Your RDA of Irony

Land of the Fleece, Home of the Brazen

Florida election officials concede that there may have some degree of error in disqualifying all the state’s Afro-American voters.  A spokesman for the Governor agreed that all three million people probably weren’t convicted felons, and that having an overdue book from the library is rarely a felony.  There was further doubt that all three million Afro-Americans would simultaneously have taken out a copy of “Gone With the Wind.”  The governor office’s will look into the problem.

There also were electoral problems for the state’s Hispanic community.  Although the ballots were bilingual, the second language turned out to be Middle English.  When asked if the Governor’s office had confused Chaucer with Cervantes, the official response was “As if a real American would care?”  Hispanic-Americans were further confronted with onerous I.D. requirements.  As proof of residency, prospective voters were asked to show land grants from Charles V.

Once again, voters in Miami Beach had problems with the design of the ballots.  Election officials had no idea why this year’s ballots were shaped like swastikas.  “Maybe we were trying to save on paper.  You’d think those people would appreciate being stingy.”

Governor Romney is predicted to receive 200 percent of Florida’s vote.

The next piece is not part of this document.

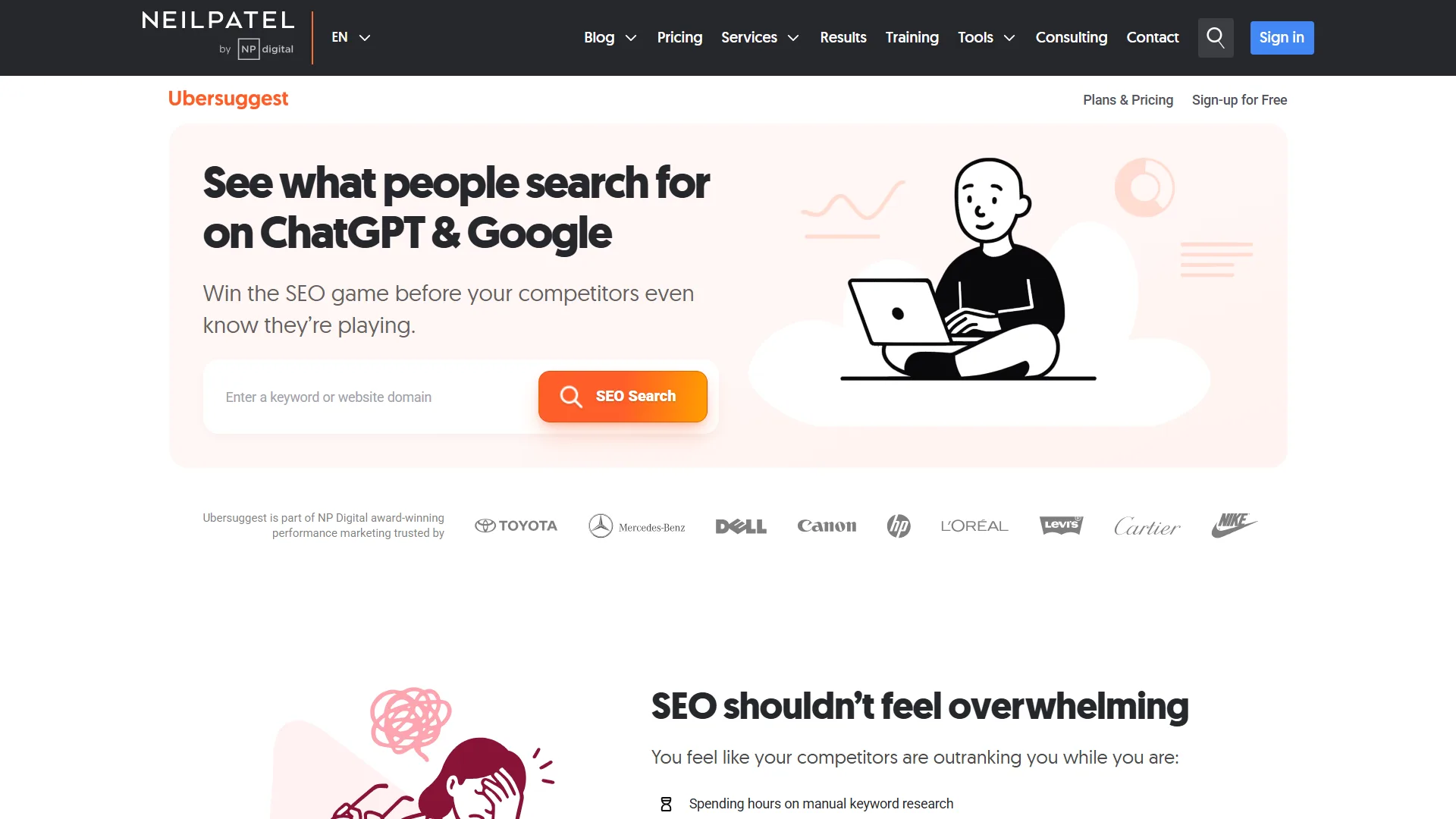 Created by Neil Patel, Ubersuggest offers affordable keyword tracking and traffic insights for small businesses.

Meanwhile in Ohio, in accordance with the Secretary of State’s most recent ruling, certain voters may be required to prove their identity by singing “Camptown Races”.

 

  1. Tosh says:

    The World is as Mel Brooks imagines.

    One of my wifes’ brightest students said you could learn everything you need to know about the world from the Simpsons. That was when my boys were finally allowed to see that show. Now one them is threatening to move to your town to learn Comedy writing at Second City. Probably a more legitimate venture than his time as Economics Correspondant for the National Review (the first 7 months of 2012).

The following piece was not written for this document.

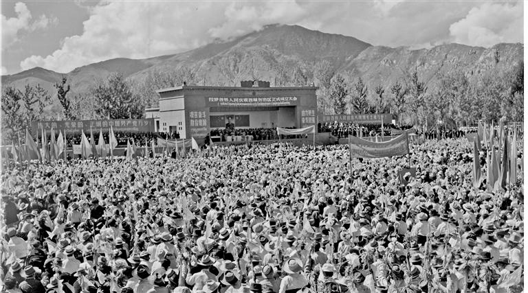 圖為拉薩干部群眾慶祝西藏自治區(qū)正式成立(1965年攝)。

    • Eugene Finerman says:

      Tosh,

      Watching “The Simpsons” is the equivalent of a Harvard education. The show’s writers refer to themselves as “Lampoon West”, their oh-so-understated way of letting everyone know that they also wrote for The Lampoon. So the scripts often flaunt an impressive erudition. Not even Jeopardy casually alludes to Lord Palmerston, a rather obscure British prime minister. However, just often there is an unbearable smugness. Once Lisa thought she would have a criminal record; so she lamented, “There goes the Ivy League.” Then Bart began chanting “Lisa’s going to Stanford! Lisa’s going to Stanford!”

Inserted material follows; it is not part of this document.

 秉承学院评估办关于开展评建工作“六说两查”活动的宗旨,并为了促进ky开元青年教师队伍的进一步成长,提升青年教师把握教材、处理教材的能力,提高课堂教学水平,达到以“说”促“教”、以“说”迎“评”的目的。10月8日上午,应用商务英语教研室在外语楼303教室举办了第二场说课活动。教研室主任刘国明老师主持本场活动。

      By the way, this is your son’s competition. Lucky him.

      Eugene

  2. Cindy Starks says:

    Eugene — This is too funny. I think Camptown Races, however, is a nice touch.

  3. Peg Pruitt says:

    I’m channeling Mittens: Yes! Way to go Florida and Ohio. Your governors are true Americans.

  4. Michele Hush says:

    Eugene, I’m in a secret bunker hiding from the poll projections right now, but thank you very much for your customary wittily acerbic commentary.

  5. Laura says:

    I live in Ohio. An in-law of mine, who was born in Canada, had no difficulty registering to vote, and has a driver’s license. She’s a voter. She experienced no trouble registering or voting. While I believe it would surpise her to discover that she is doing anything inappropriate, I do applaud her husband who does not agree with her politics for not trying to suppress her vote. I suppose my point is that requiring a photo ID only suppresses certain types of votes, and is a pretty ineffective way to address actual voter fraud.